**TASK GOAL**:
Return only the lines of the data below from the line with "Koniec zakrycia księżyca" up to and including the line with "Die Polypropylen-Springseile des", exactly as written, with the pictures omitted.
*** THE DATA ***
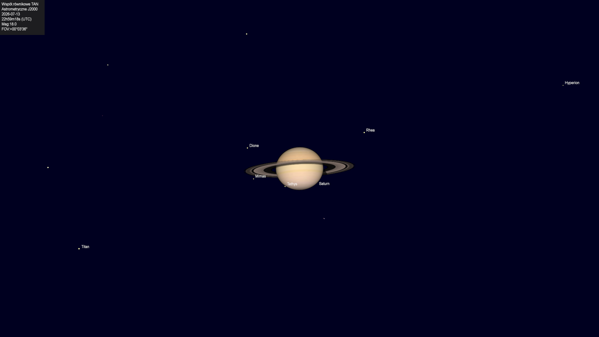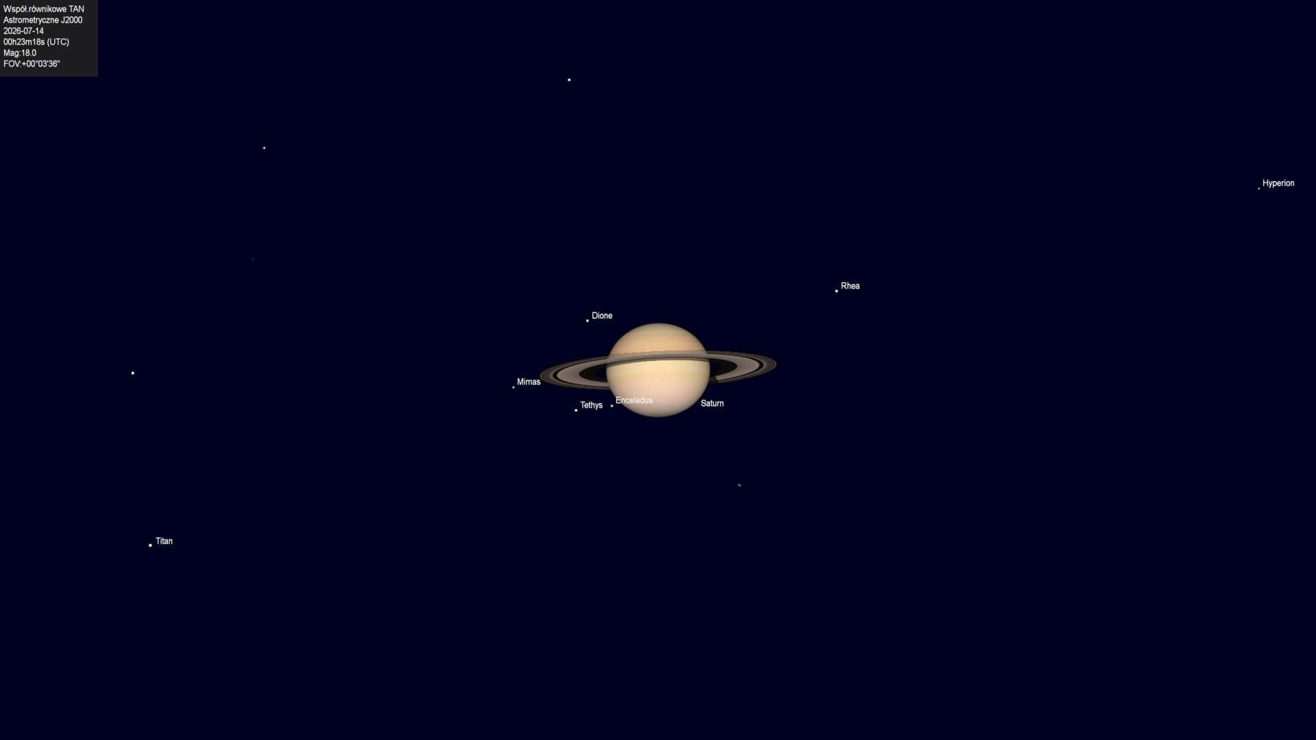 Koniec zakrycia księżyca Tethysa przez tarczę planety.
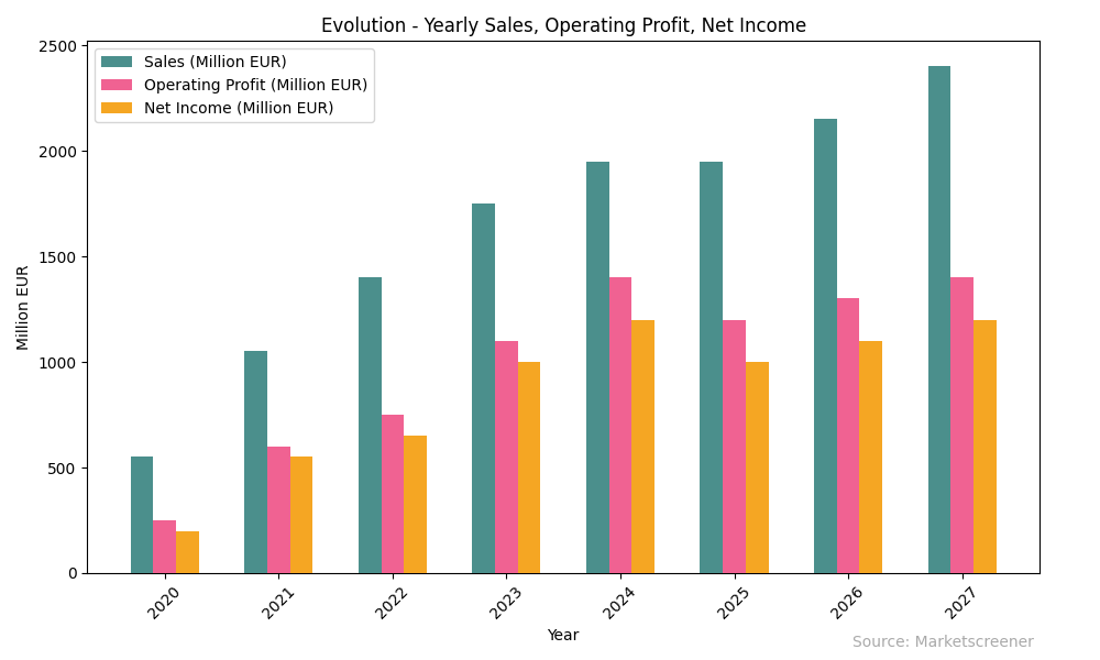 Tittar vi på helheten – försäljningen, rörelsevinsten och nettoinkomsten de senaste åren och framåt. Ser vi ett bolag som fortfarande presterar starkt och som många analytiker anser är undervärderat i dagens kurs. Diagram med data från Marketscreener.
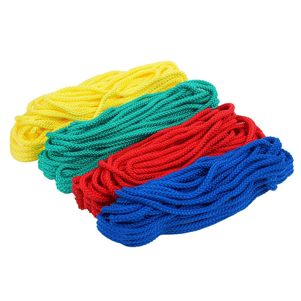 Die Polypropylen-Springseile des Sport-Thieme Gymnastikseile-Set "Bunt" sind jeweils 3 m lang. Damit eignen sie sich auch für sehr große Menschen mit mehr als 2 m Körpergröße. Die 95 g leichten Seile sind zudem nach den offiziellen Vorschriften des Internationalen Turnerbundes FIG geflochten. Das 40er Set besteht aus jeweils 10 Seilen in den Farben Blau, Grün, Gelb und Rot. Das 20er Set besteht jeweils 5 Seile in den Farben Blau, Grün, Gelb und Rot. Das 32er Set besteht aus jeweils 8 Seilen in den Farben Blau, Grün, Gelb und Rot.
*** End of THE DATA ***
*** THE DATA ***
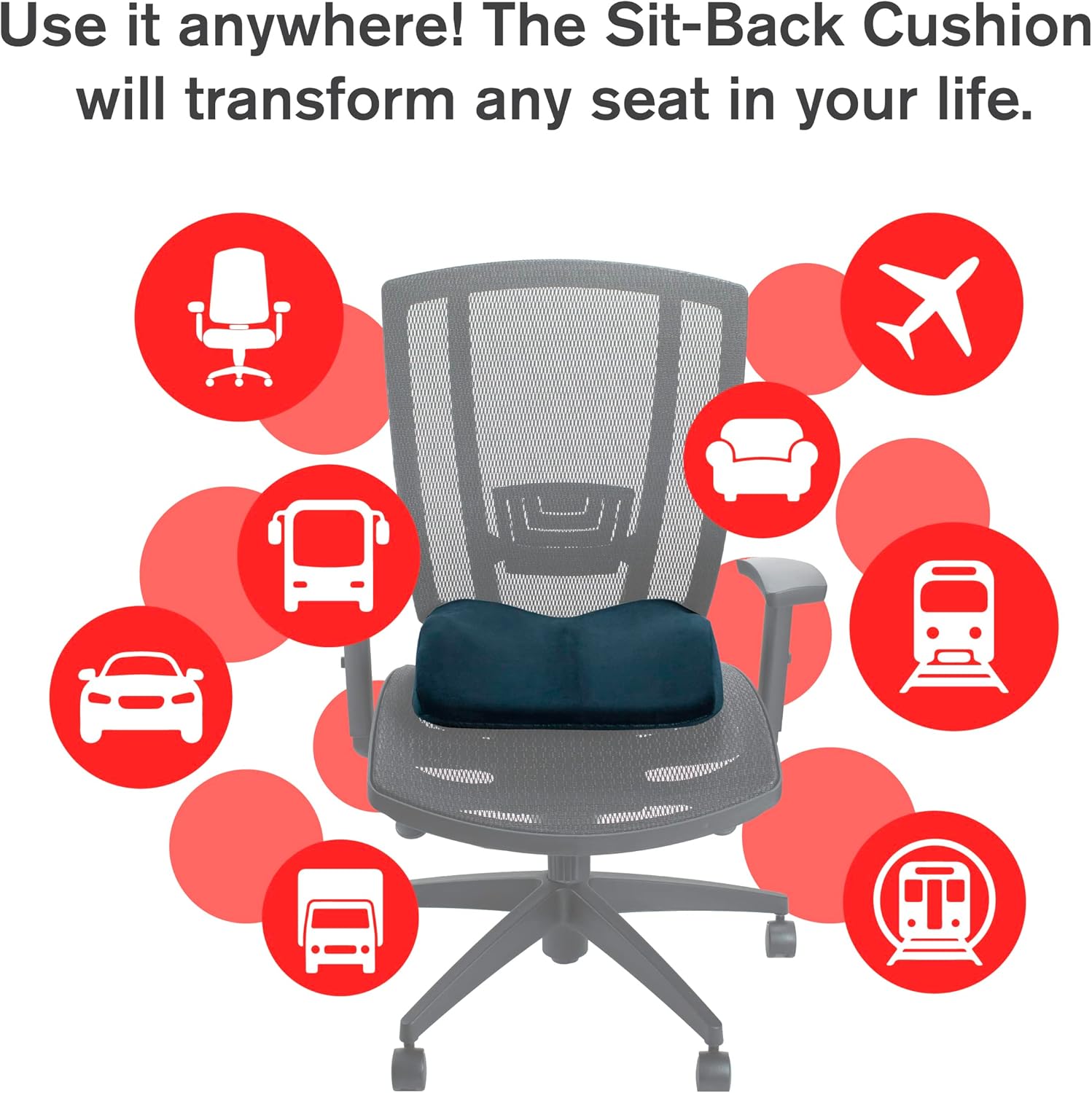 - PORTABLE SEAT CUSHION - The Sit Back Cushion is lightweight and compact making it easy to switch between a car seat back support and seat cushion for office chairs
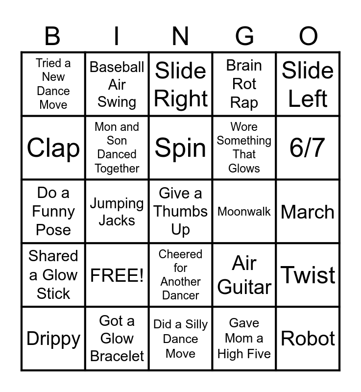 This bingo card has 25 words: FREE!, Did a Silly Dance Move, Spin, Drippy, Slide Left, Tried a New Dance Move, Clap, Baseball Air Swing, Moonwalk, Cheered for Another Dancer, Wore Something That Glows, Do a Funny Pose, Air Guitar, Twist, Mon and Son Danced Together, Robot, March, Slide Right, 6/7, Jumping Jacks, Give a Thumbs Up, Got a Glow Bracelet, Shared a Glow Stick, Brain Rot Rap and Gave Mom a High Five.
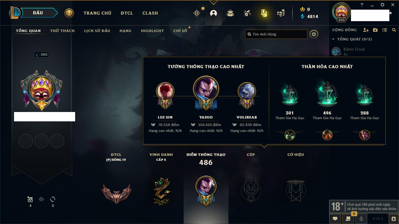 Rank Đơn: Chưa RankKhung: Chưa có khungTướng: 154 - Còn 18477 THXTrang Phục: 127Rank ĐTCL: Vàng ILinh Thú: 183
*** End of THE DATA ***
**SOLUTION BELOW**:
 Koniec zakrycia księżyca Tethysa przez tarczę planety.
 Tittar vi på helheten – försäljningen, rörelsevinsten och nettoinkomsten de senaste åren och framåt. Ser vi ett bolag som fortfarande presterar starkt och som många analytiker anser är undervärderat i dagens kurs. Diagram med data från Marketscreener.
 Die Polypropylen-Springseile des Sport-Thieme Gymnastikseile-Set "Bunt" sind jeweils 3 m lang. Damit eignen sie sich auch für sehr große Menschen mit mehr als 2 m Körpergröße. Die 95 g leichten Seile sind zudem nach den offiziellen Vorschriften des Internationalen Turnerbundes FIG geflochten. Das 40er Set besteht aus jeweils 10 Seilen in den Farben Blau, Grün, Gelb und Rot. Das 20er Set besteht jeweils 5 Seile in den Farben Blau, Grün, Gelb und Rot. Das 32er Set besteht aus jeweils 8 Seilen in den Farben Blau, Grün, Gelb und Rot.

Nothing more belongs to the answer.